Using a syringe, Dr. Maguire injected under Hannah’s left retina a human-engineered virus containing a healthy version of the gene, which supplants the mutated gene. Within 24 hours of the July 10 surgery, Hannah had increased sensitivity to light; six days later, she could see the water line in her glass, rather than sticking her finger in the glass to feel for the water. On Day 7, she saw a star for the first time; six days later she underwent surgery on her right eye.

‘She can see’

Hannah can now see everything in her environment more easily and her visual acuity has improved from 20/200 to 20/100.

Shortly after surgery, Hannah flipped on her desk lamp and was so startled by the brightness that she began to cry. Now, Hannah says, “I don’t even remember what it was like before my surgery.”

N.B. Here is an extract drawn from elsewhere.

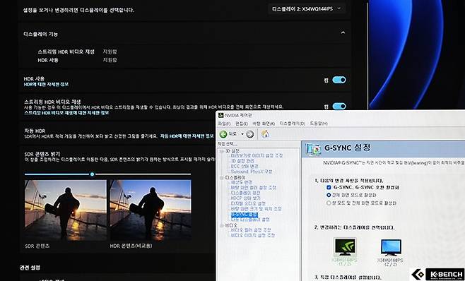 HDR 모드로 전환하면 발생하는 뿌연 화면도 없었고 프리싱크와 HDR 모드를 동시에 키고 사용하는 것도 가능했다.
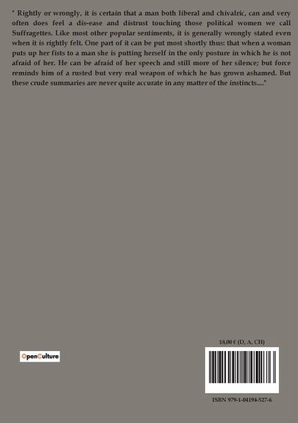 " Rightly or wrongly, it is certain that a man both liberal and chivalric, can and very often does feel a dis-ease and distrust touching those political women we call Suffragettes. Like most other popular sentiments, it is generally wrongly stated even when it is rightly felt. One part of it can be put most shortly thus: that when a woman puts up her fists to a man she is putting herself in the only posture in which he is not afraid of her. He can be afraid of her speech and still more of her silence; but force reminds him of a rusted but very real weapon of which he has grown ashamed. But these crude summaries are never quite accurate in any matter of the instincts...."

Amy and her husband, Chris, revel in their little girl playing with her horse figurines in a dark room on a cloudy day, and they say her night vision has improved a thousand-fold.

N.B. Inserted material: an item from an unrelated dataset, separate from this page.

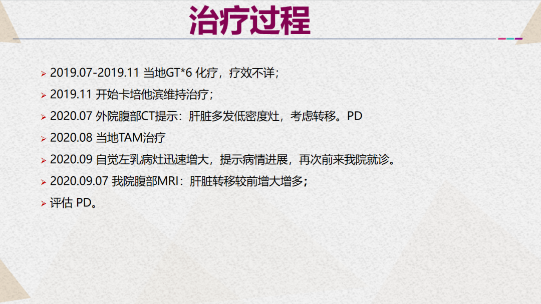 该例患者应用CDK4/6抑制剂+AI的方案出现疾病进展,因为肿瘤异质性的存在,患者的分型可能存在差异,因此,我认为对于该患者应重新进行活检,并推荐其进行基因检测。若患者拒绝行基因检测,我可能会根据患者身体的情况,应用化疗方案降低患者的肿瘤负荷,后续再行内分泌+靶向维持治疗,后线治疗会选择ADC类药物。

“It’s just wonderful to watch her do things and see things. She’s not saying, ‘Hey, look what I’m doing.’ She just does it. She can see.”

Her mom said most recently, she’s just discovered the blue veins under her skin and the “H” and “C” on the bathtub faucets.

Her parents and others have noticed she’s more confident in school, in church and socially with her friends. Although she still needs some supports in place at school, Hannah’s doing great in her second-grade class.

On past Christmas mornings, she’d open a gift and have to be told what it was. Not this year!

Amy also recalled Hannah walking into their church sanctuary, brightly decorated for Christmas with ribbons, greens and flowers.

“As she walked through the doors, she looked around in amazement and said in a soft, sweet voice, ‘Wow!’ ”

‘Like night and day’

Kindergartener Monroe Le underwent surgery Aug. 14 on her left eye and a week later on her right eye.

“She’s like night and day,” said her mom, Heather.

Before surgery, Monroe’s vision was 20/300 for both eyes and now it’s 20/150.

So much has changed since 2012; Heather knew something was wrong with baby Monroe at 2 weeks when she looked toward the light rather than her.

“I remember crying and saying to my husband, ‘She’s blind. She’s blind,’ and he said, ‘She’s not’ … from 2 weeks until she was diagnosed, we were knocking on doctors’ doors.”

Heather was scared to have her daughter genetically tested, but she knew it would give her answers. Doctors diagnosed Monroe with LCA shortly after she turned 4; two months later she received her RPE65 genetic diagnosis.

“Oh, I’m so happy that I did it,” Heather said. “If I hadn’t gotten that test, Monroe wouldn’t have been a candidate for LUXTURNA.”

Her daughter received help to get up to speed with motor skills, and early on met a little girl named Penny, her forever friend, who has had difficulties with speech.

“They’re amazing, they love each other so much,” Heather said. “They complemented each other so well because Monroe would help her with the talking and Penny would help her with the seeing.”

Two days after her first surgery, Monroe insisted on being the one to retrieve a cap from an ointment tube dropped on the carpet. “She covered her non-surgerized eye and found it immediately.”

In school, Monroe no longer needs special lighting and doesn’t have to sit in the front of the room. “She even has been able to play four square.”

Monroe also sees her most favorite place in the world, Disneyland, and her most favorite attraction – Pirates of the Caribbean with Capt. Jack Sparrow – in a whole new light.

“There have been numerous times in a trip there where she asks me, ‘Mama is that new, or has it always been there and I’m just seeing it for the first time?’ ”

Heather and her husband, Bruce, see a much more confident little girl who no longer needs to hold hands in dim places.

“I can’t believe it’s the same girl who was so timid and afraid to let go of my hand,” she said.